‘Light as a Feather’ is real heavy stuff about ancient civilizations

-Exhibition runs until June 4
‘LIGHT AS a Feather’ is a Terence Roberts exhibition of abstract paintings that have been influenced by pre-Columbian and Amazonian Indian cultures.

The exhibition is currently on at the Venezuelan Institute for Culture and Co-operation at 106 New Garden Street Queenstown.
As the artist explained, the term ‘light’, especially tropical light as a sensory and mental experience has always mattered in his paintings, as is the idea that they (his paintings) should be free of any weight on the human spirit.

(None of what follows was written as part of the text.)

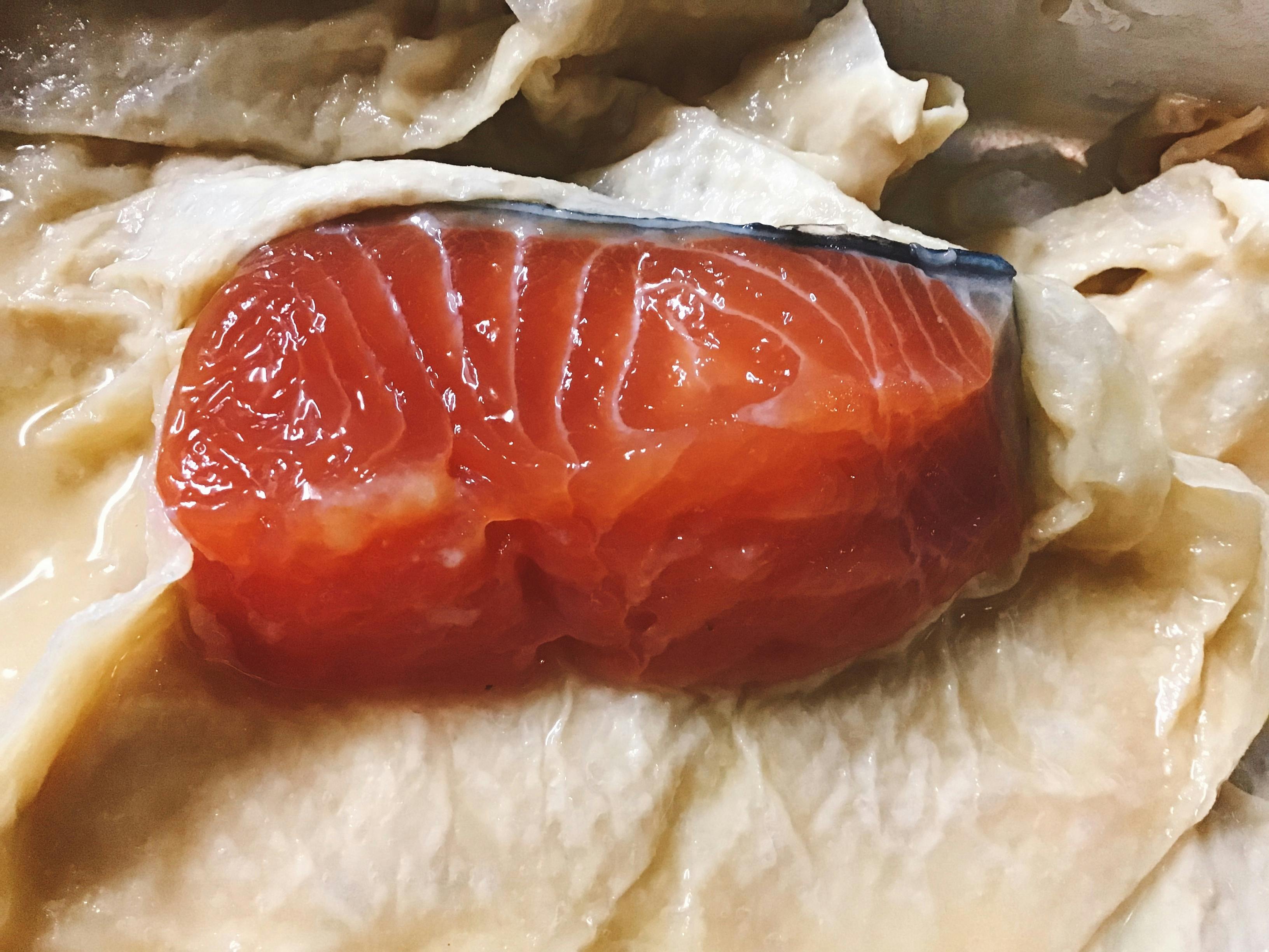 こちらはサーモンの粕漬けです。艶々の照りが美味しさを物語っていますよね^ ^

“Feather, as a work of art which enables flight,” he said, “is an abstract design from nature which attracts me because of my ongoing interest in the cultural foundation of the entire Americas, from north to south.”

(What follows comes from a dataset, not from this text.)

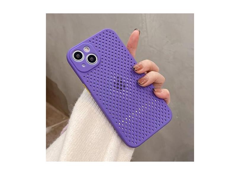 Capa de telefone com resfriamento respirável e dissipação de calor para iPhone 13 12 11 Pro XS Max XR Mini 7 8 Plus SE2020 Capa de TPU macia em cor doce, roxa, para iPhone XS Max

The compositions, all acrylic-on-canvas,   comprise forms, colours and lines which suggest interpretations of the lives of the Indians, and are intriguing in their attempts to communicate the realities of these lives without  any observable aspect of reality.
‘Man and Mastodon’, one of the several pieces which stand out, for example, is  a combination of shapes and colours which represent the battles between the pre-historic Indians and the Mastodons,  large, tusked, elephant-like  mammals now extinct.

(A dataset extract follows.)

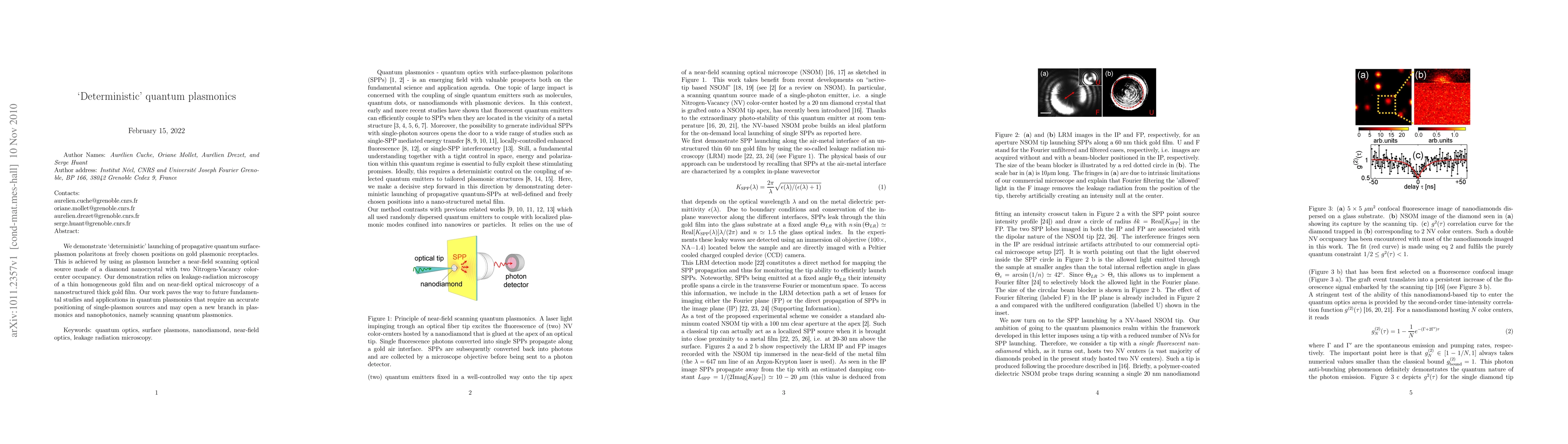 We demonstrate `deterministic' launching of propagative quantum surface-plasmon polaritons at freely chosen positions on gold plasmonic receptacles. This is achieved by using as plasmon launcher a near-field scanning optical source made of a diamond nanocrystal with two Nitrogen-Vacancy color-center occupancy. Our demonstration relies on leakage-radiation microscopy of a thin homogeneous gold film and on near-field optical microscopy of a nanostructured thick gold film. Our work paves the way to future fundamental studies and applications in quantum plasmonics that require an accurate positioning of single-plasmon sources and may open a new branch in plasmonics and nanophotonics, namely scanning quantum plasmonics.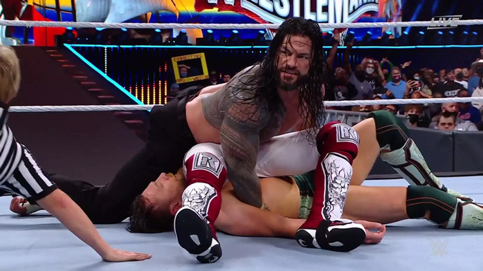 这是一场无规则赛,因此比赛中,任何道具都可以使用,而在场外的杰·乌索(Jey Uso)也会替罗曼去消耗他的两位对手!

In this abstract, both Man and Mastodon, neither recognizable by any known shape, are combined as one, and share the same eye.
Next to the abstract of Man and Mastodon is the head of a spear, as though dug up as an archaeological relic, and there is a line which Roberts identifies as an equatorial line indicating a division of time zones.
The rest of the painting comprises other colours and forms that may mean much to the artist, but  which I rather suspect would mean very little to the viewer, unless they were  operating at an intuitive level.
“The level of reality in the painting,” the artist said, “is the level of reference to things; grasping totalities not realistic details… The use of colours like yellow, which produces sunlight; like pink, which depicts sensuality…
“New ideas based on ancient things that people have done. This carries a value that lasts. The painting can’t be exhausted with multiple interpretations; every time you look at it, you see something you didn’t see before.”
‘Tipi Family’, another abstract, is based on the Tipi where the Indians lived. The   designs around it comprise abstracts of animals and people.
The painting shows a circular hole through which they crawl to get into the tipi, and other shapes which can be seen as a globe, a universe or cosmic entity, depending on the viewer’s interpretation, or willingness to see the universal in the particular.

Roberts, an artist since 1968, has gained much experience and exposure while living in Canada and a number of European countries and in Venezuela. He’s been studying the cultures of the Amazonian Indians for decades, he says.
‘Light as a Feather’ is  a creation founded on the lives of Indians in Guyana, Venezuela and Brazil, and the  Chumash and Pomo of the California coast and valleys, all of whom  mastered the art of abstract feather assemblages on blankets, cloaks, headbands and belts.
“The feather dawned on me as a spiritual wand of lighthearted joyful bonds between different people sharing a unique and precious continent,” Roberts said, adding:
“Of course, the feather is also an object which wrote and signed agreements and treaties, whose spirit of cooperation and creativity contributed to the wellbeing of the Americas.”
“This exhibition,” he said, “celebrates the progressive quest of abstract painting.”
‘Light as a Feather’ runs at the Venezuelan Institute for Culture and Cooperation until June 4.